Overview

🧬 HCBench Parsers

Welcome to the HCBench Parser Suite — a unified framework for standardizing single-cell copy number alteration (CNA) outputs from multiple tools.

Each parser converts heterogeneous output formats from different algorithms (CHISEL, Alleloscope, CNRein, SEACON, and SIGNALS) into a single consistent format suitable for downstream benchmarking and visualization.

🎯 Common Standardized Outputs

While each tool requires different input files and formats, every parser in this suite is designed to output a canonical directory structure. Depending on the specific methods called, a fully processed output directory will typically contain:

CNA Matrices: haplotype_combined.csv, or split minor.csv, major.csv, and minor_major.csv matrices (regions × cells).

Cluster Mapping: clusters.csv containing standardized cell_id and clone_id columns.

Bin Counts / RDR: bin_counts.csv or bin_rdr.csv formatted as a wide matrix of regions by cells.

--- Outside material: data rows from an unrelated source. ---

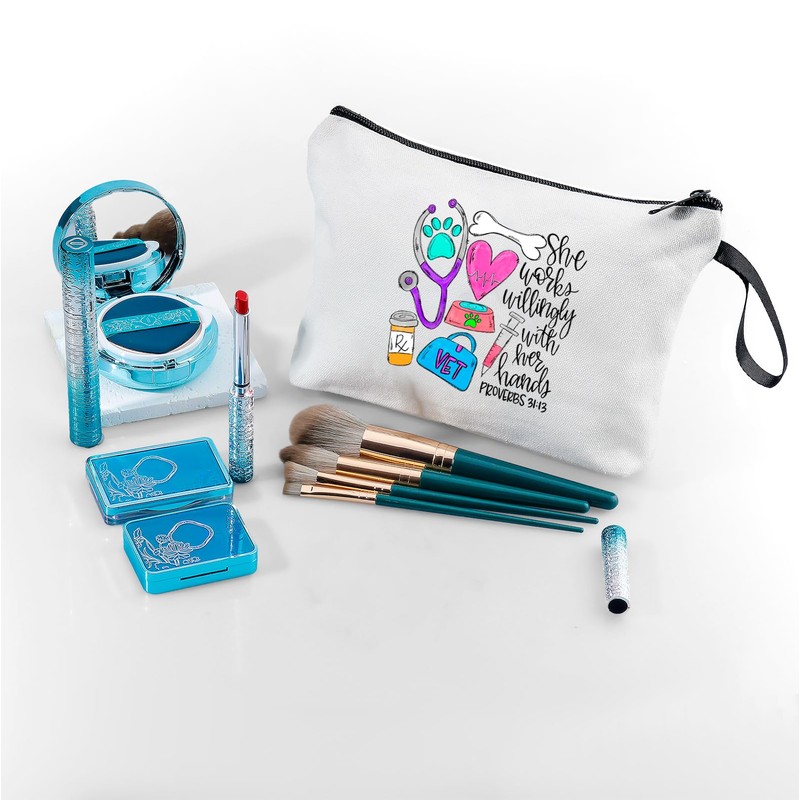 - BEST VETERINARIAN GIFTS:This Nice and practical makeup bag is the funny vet tech gifts for women.The fabric of this cosmetic bag is soft and easy to carry, with the words "SHE WORKS WILLINGLY WITH HER HAND" printed on both sides. It won't fade or scratch over time.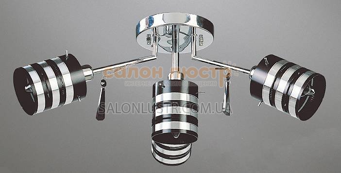 Люстра стельова виробництва компанії Tinko; Матеріал: метал, скло; Колір основи: хром; Колір плафона: хром+чорний; Декоративний елемент: чорне скло; Висота: 23 см; діаметр: 54 см; лампи: 4 х Е-14 х 60 Вт.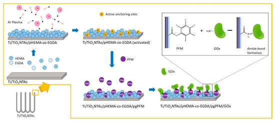 First, Ti/TiO2NTAs was obtained by anodic oxidation (applied voltage 30 V for 17 h). The anodization process is explained in more detail in reference [37]. Then, the PFM plasma grafted surface was performed using an initial film deposition of HEMA-co-EGDA. This process is described in more detail in a previous work [38]. Briefly, plasma modification techniques were applied to the Ti/TiO2NTAs electrode to obtain a polymerized film of HEMA-co-EGDA and a grafted deposition of PFM. All the plasma modification were carried out in a stainless-steel vertical plasma reactor (base pressure about 9 × 10−4 mbar). To obtain the ppHEMA-co-EGDA film, the reactor was fed with approximately twice as much monomer (HEMA, 3.6 × 10−2 mbar) as cross-linker (EGDA, 1.2 × 10−2 mbar), and plasma polymerization was performed (20 W, duty cycle 2/22) for 10 min. Then, the ppHEMA-co-EGDA film was activated by Ar plasma and PFM was grafted at 7.7 × 10−2 mbar for 15 min. Thus, Ti/TiO2NTAs/ppHEMA-co-EGDA/pgPFM electrodes were obtained. Finally, GOx was immobilized by placing 20 µL of a GOx solution (15 mg/500 µL) on the modified PFM/grafted film. Figure 1 shows a schematic representation of the covalent immobilization process applied to attach the glucose oxidase molecules to the TiO2NTAs.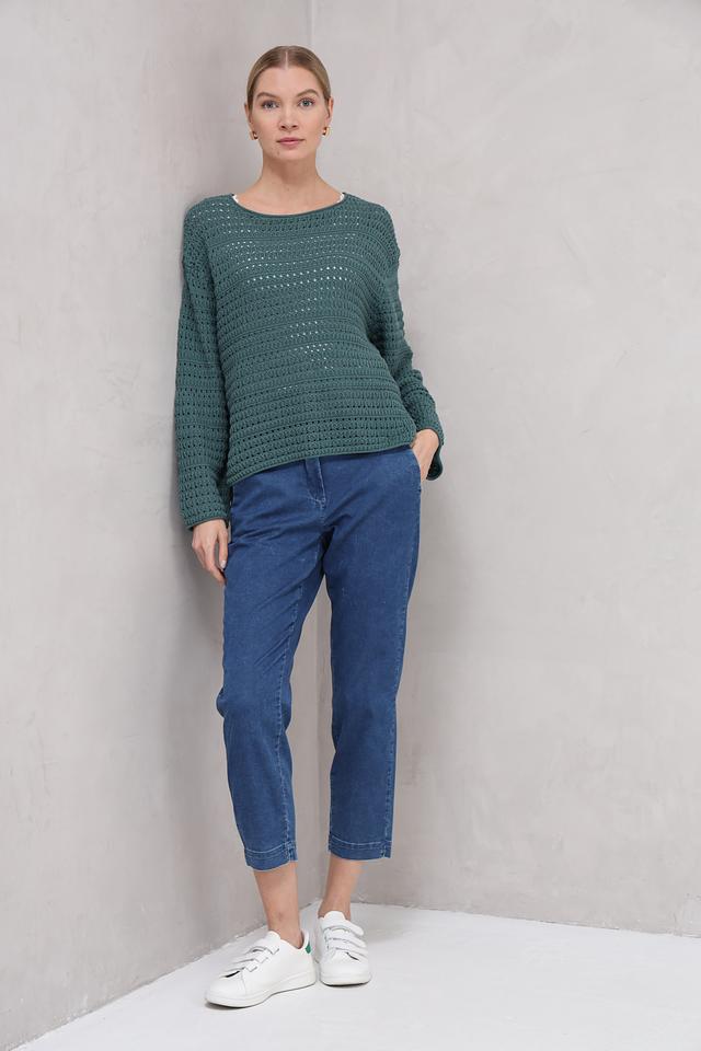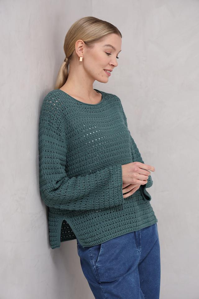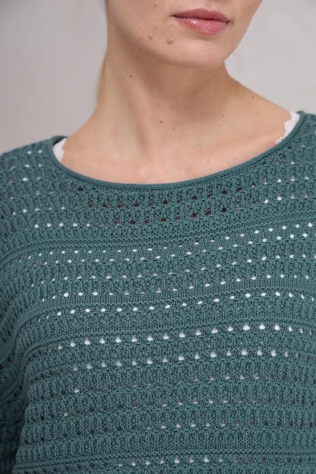 Пуловер имеет приятный зелёный цвет и выполнен в технике ажурного вязания, что придает ему легкость и оригинальность. Круглый вырез горловины и свободный крой делают его универсальным для различных типов фигур.
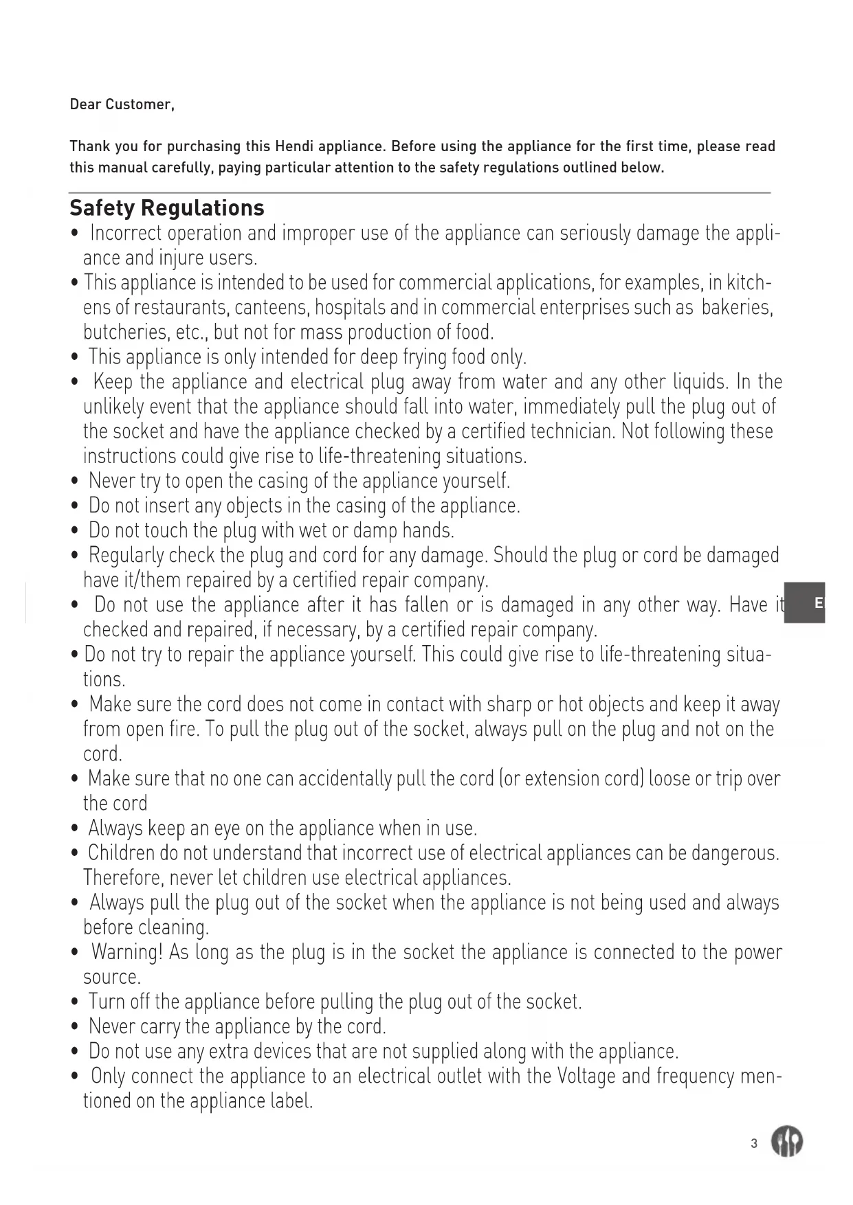 - This appliance is intended only for deep frying appropriate food such as fries, etc in com- mercial use. Any other use may lead to damage of the appliance or personal injury.

Sparse VAF Matrices: A VAF/ directory containing standard Matrix Market (.mtx) files for Allelic Depth (AD) and Read Depth (DP).

📖 Parsers Overview

Parser	Main Input	Additional Inputs	Format Types	Supported Outputs
CHISEL	`calls.tsv`	`mapping.tsv`, VAF table	Tab-delimited text	CNA Matrix, Clusters, Bin Counts, Sparse VAF
Alleloscope	`.rds` files	`clusters.csv`, raw counts TSV, cellSNP directory	R serialized data, TSV, CSV	CNA Matrix, Clusters, Bin Counts, Sparse VAF
CNRein	`CNReinPrediction.csv`	`.npz` arrays, split VCF files	CSV, NPZ, VCF	CNA Matrix, Bin RDR, Sparse VAF
SEACON	`calls.tsv`	`counts.tsv`, `vaf.tsv`	Tab-delimited text	Split CNA Matrices, Bin Counts, Sparse VAF
SIGNALS	`hscn.rds` (exported to `.tsv`)	cluster file, bin counts, VAF table	Tab-delimited text / CSV	CNA Matrix, Clusters, Bin Counts, Sparse VAF

All parsers generate outputs in the same canonical structure, making it possible to directly compare results across tools in the HCBench benchmarking pipeline.